Ella estaba en alguna parte. Hacía tiempo que se había resignado al hecho de que no era probable que la encontrara, y llevaba más de un año sin buscarla activamente, pero…
Sonrió con tristeza. Simplemente no podría dejar de buscarla. De un modo extraño, eso se había convertido en parte de su ser. Su nombre era Benedict Bridgerton, tenía siete hermanos, era bastante hábil con una espada y en el dibujo, y siempre tenía los ojos bien abiertos por si veía a la única mujer que le había tocado el alma.
Seguía esperando, deseando, observando.
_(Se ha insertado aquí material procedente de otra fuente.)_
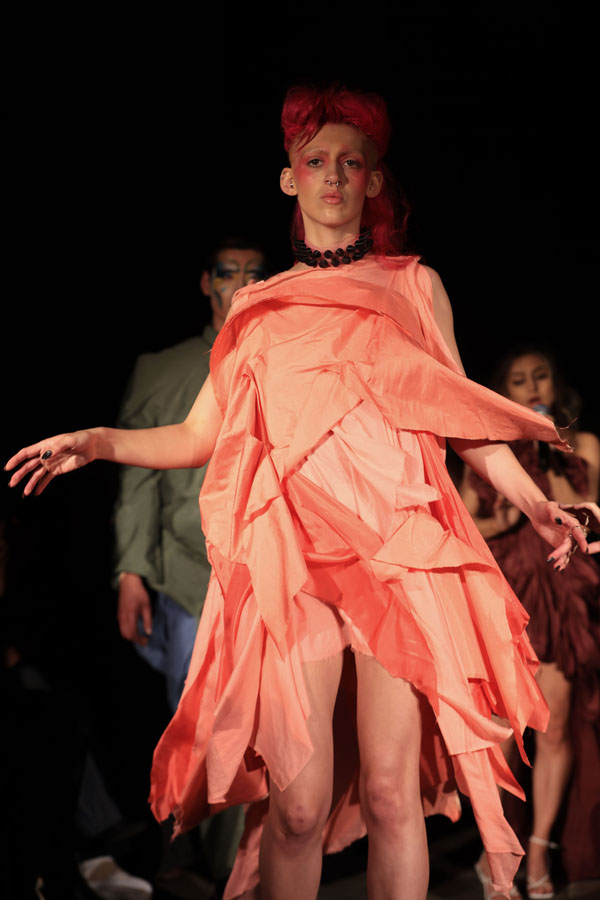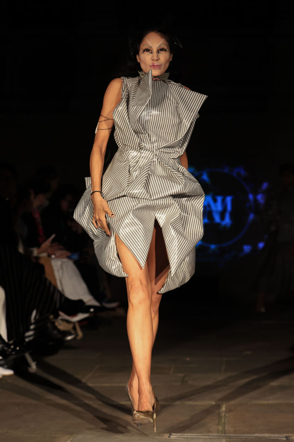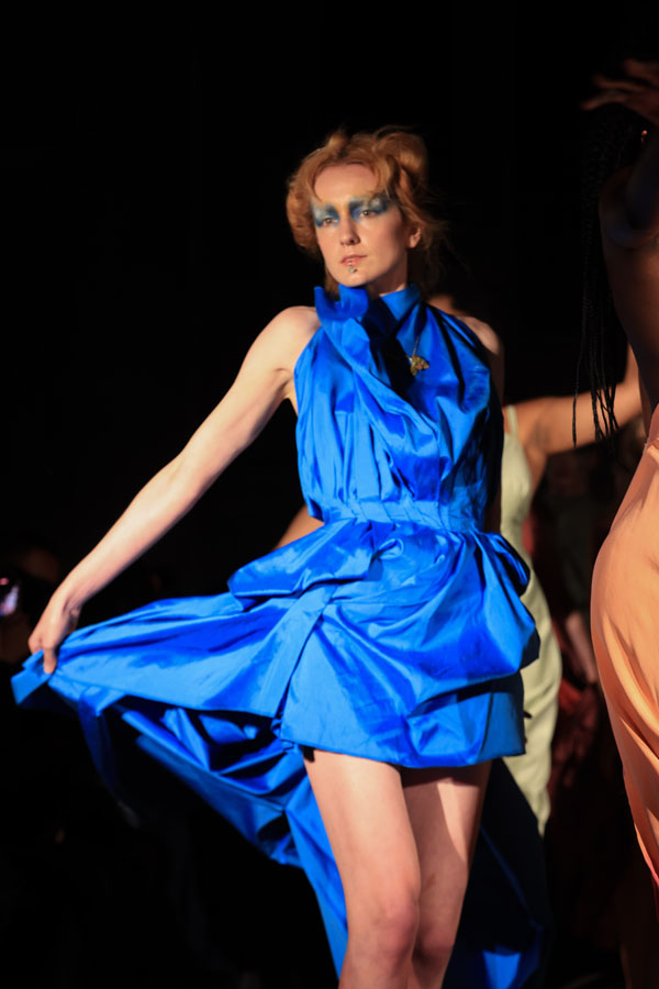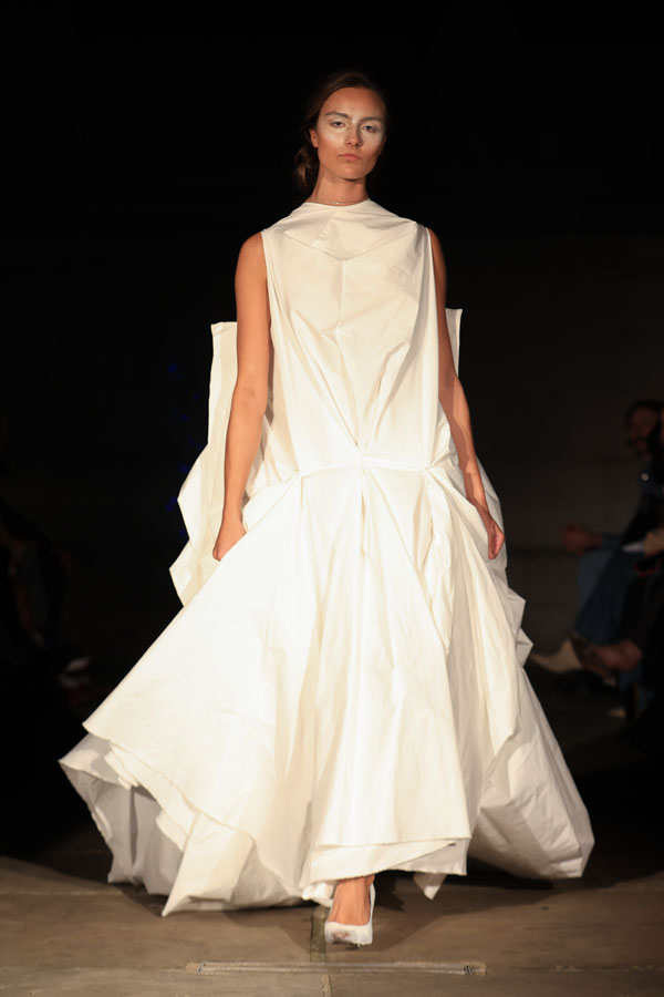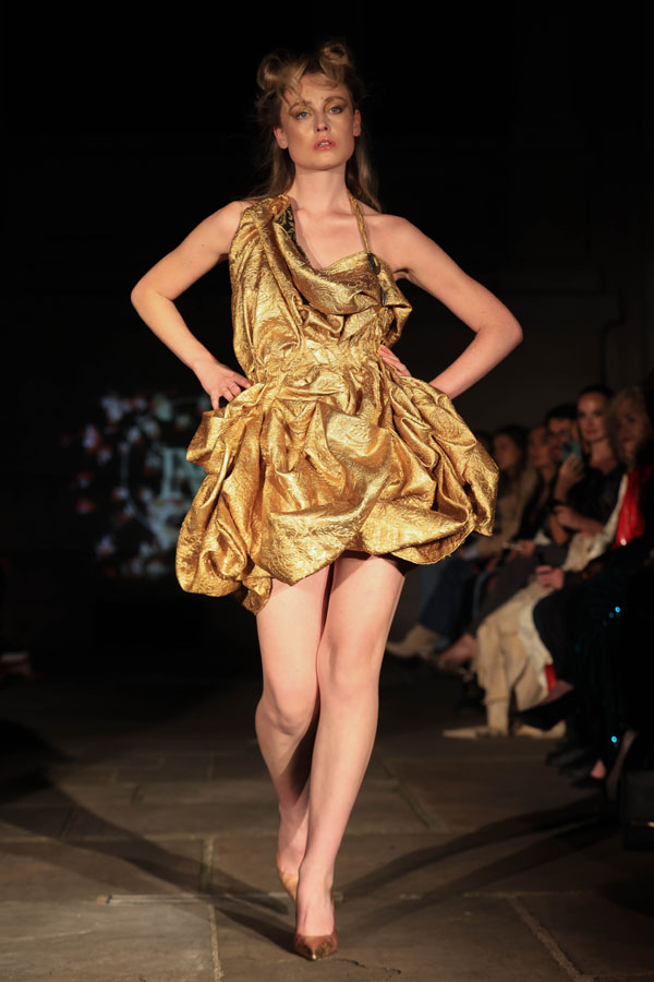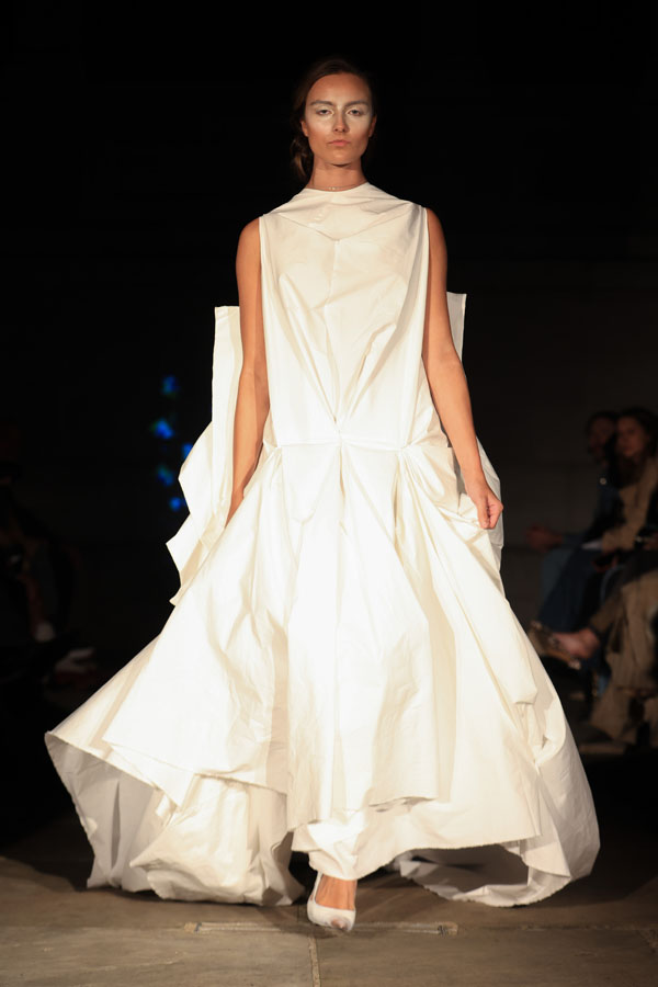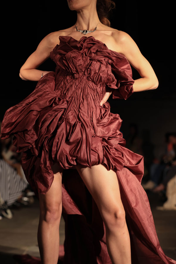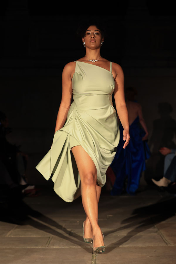 The collection also highlights Maclean’s commitment to inclusivity and sustainability. A maroon gown with gathered fabric and a dramatic silhoueRe leads the transition from soNness to strength, while the electric blue mini dress features bold, architectural folds. A blush pink oneshoulder dress and a gold sculptural mini dress stand out as statements of empowerment, blending striking textures with fluid designs.

Y aunque se decía que tal vez ya era hora de casarse, no lograba armarse del entusiasmo para hacerlo.
Porque, ¿y si ponía el anillo en el dedo de una mujer y al día siguiente la veía?
Eso le rompería el corazón.
No, sería algo más que eso: le destrozaría el alma.
Exhaló un suspiro de alivio cuando divisó el pueblo de Rosemeade. Eso significaba que estaba a cinco minutos de su casa y, bueno, no veía las horas de zambullirse en una bañera con agua caliente.
Miró a la señorita Beckett. Ella también estaba tiritando, pero, pensó bastante admirado, no había emitido ni la más mínima queja. Trató de buscar entre las mujeres que conocía a alguna que hubiera hecho frente a los elementos con tanta fortaleza, y no encontró ninguna. Incluso su hermana Daphne, que era valiente como nadie, ya habría estado aullando por el frío.